I’m walking alone, head down, elbows against my body, along the fences of the small street that goes up to the main road of the textile factory. I reach it, follow it for a few dozen meters, then I go down another small street towards the house. This is the first time I’ve ventured so far alone, violating my parents’ command. I can see the stony ground, so close to my gaze, I can feel my fear and my will to go all the way.

An impression that, these two stories are not about a child, but about self-awareness, distinct from things, and a consciousness of the world.

All through those years, children boarded trains to Auschwitz, the inhabitants of Leningrad ate cats to survive, resistance fighters in the Vercors were shot against trees. In the Warsaw Ghetto, naked corpses were piled up in carts, with their arms and legs folded in. In Hiroshima, thousands of bodies shrivelled up in a few seconds and Colonel Tibbets who dropped the bomb, said that golden dust rose up from the explosion. I saw these images on television. I cannot unite them with the images of L., although they are contemporary. Even when I see them, I can’t believe that I was already alive at that time.
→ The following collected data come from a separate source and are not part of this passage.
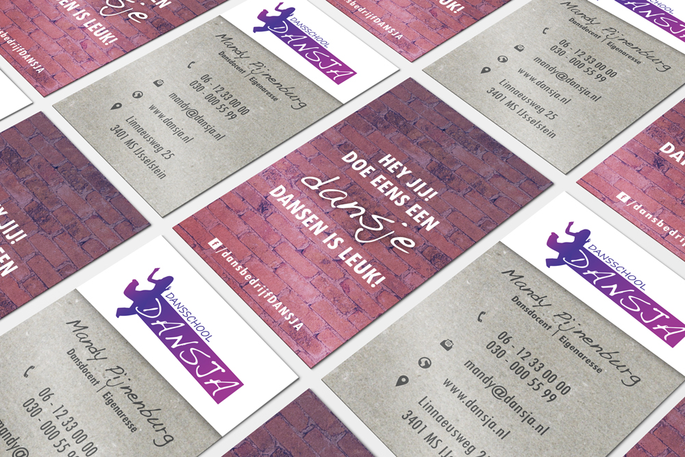 Voor Dansschool Dansja is een complete huisstijl gemaakt met het bestaande logo. Een dansschool moet plezier uitstralen, daarom is gekozen om vrolijke aansprekende teksten te gebruiken als "Hey jij! Doe eens een dansje. Dansen is leuk!" De paarse kleur is gecombineerd met een bakstenen muur als achtergrond om een stoere look te krijgen. Deze stijl is vervolgens overal doorgevoerd: een nieuwe website, visitekaartjes, flyers en meer.
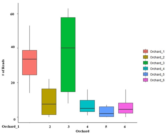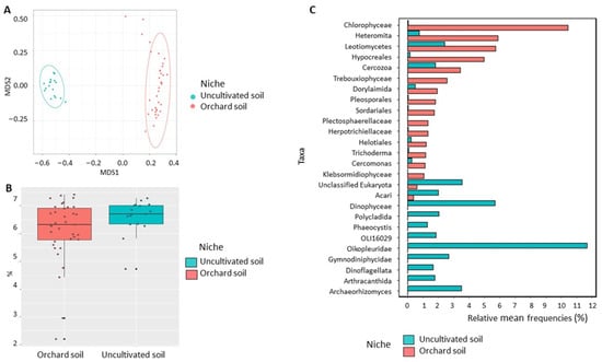Eukaryotic community: There was a strong separation in the NMDS plot between the orchard soil microbiome and the uncultivated soil microbiome (Figure 3A). According to Kruskal–Wallis test, there was no significant difference (p > 0.05) in Shannon diversity of the eukaryotic community between the orchard and the uncultivated soils (Figure 3B). However, the analysis of variance showed a significant difference between sampling niches. In total, 30% of eukaryotic community variation (p < 0.01) was observed between the orchard soil microbiome and the uncultivated soil microbiome (Table 1). This strong community variation was accompanied by a significant difference (p < 0.05) in eukaryotic community composition. More specifically, 75 eukaryotic classes were differentially represented. (Table S3). These included highly abundant Sordariomycetes, Chlorophyceae, Glissomonadida, Leotiomycetes, Dothideomycetes, and Cercomonadidae, with Appendicularia, Dinophyceae, Prymnesiophyceae, Acantharia, and Archaeorhizomycetes being relatively under-represented in orchard soil when compared with uncultivated soil (Figure S2B).
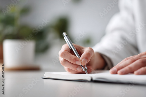 Closeup of a hand writing in a notebook with a pen. Represents creativity, planning, journaling, notetaking, and organization. Ideal for business, education, and lifestyle themes.
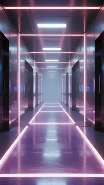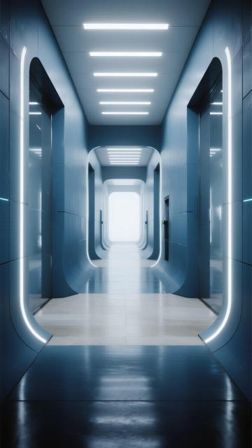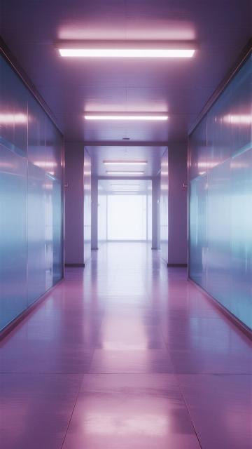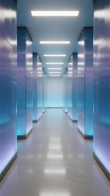 一个极简风格的未来感室内空间,墙面由光滑的银白色金属板和带有垂直细条纹的白色面板构成,地面是反光的浅灰色光滑材质,顶部有嵌入式的白色条形灯光,光线柔和且均匀地照亮整个空间。左侧墙面原本放置图表的位置现在是一块纯净的透明玻璃板,没有任何图案或文字,右侧金属板墙面保持光滑无缝的质感,同样不包含任何文字信息。墙面上点缀着两个悬浮的、具有半透明磨砂质感的长方体装饰物,整体色调改为以柔和的薄荷绿为主,辅以浅灰色和少量的淡紫色渐变,营造出清新、宁静且科技感十足的氛围,光线从顶部条形灯和墙面间接反射,形成微妙的光影层次和柔和的阴影过渡,整个空间简洁、通透,充满现代设计感。
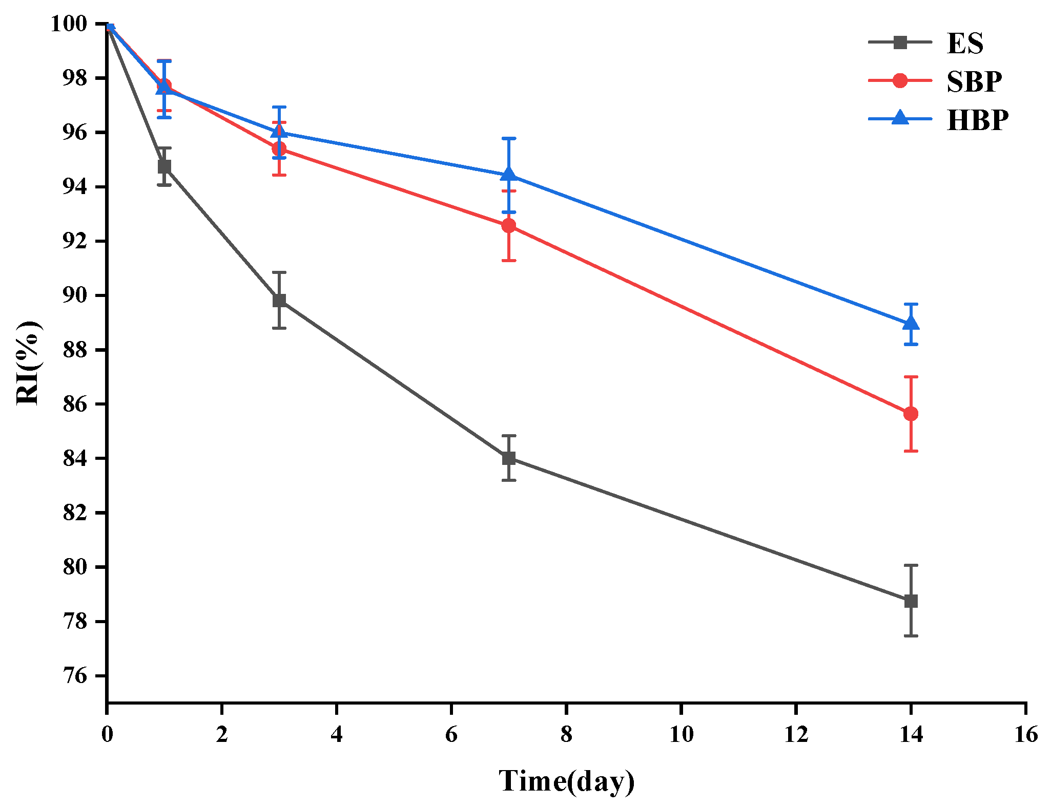 | HBP | 3.58 ± 0.13 a | 0.315 ± 0.003 a | 97.49 ± 0.47 a | 5.43 ± 0.54 b |

The L. time, which had no beginning for me, ends in the Autumn of 1945, in the front seat of a removals van. My parents had sold the business and returned to Y., where they were born, which they had left fourteen years earlier. It’s a Sunday. The van is struggling to move through the crowds and shacks of a carnival set up amid piles of rubble and demolished houses. The centre of Y. was burnt down during the German advance in 1940, only rubble remains. We’re going to live in two rooms without electricity on an undamaged street near the centre.

As we leave L. I began to remember. The public park, the export trading house by the river, my mother’s beige body on her bicycle, American tanks throwing bags of powdered orange juice into the textile factory street, have all melted into the sunny vision of a day of celebration.

First published in Jardins d’enfance, dir. Clarisse Cohen (Le Cherche midi, 2001), pp. 79-88, reproduced with the kind permission of Annie Ernaux, translated by Dawn Cornelio. Translation first published here on 23 October 2018.

[1] L. refers to Lillebonne, Normandy, where the family lived during Annie’s early years.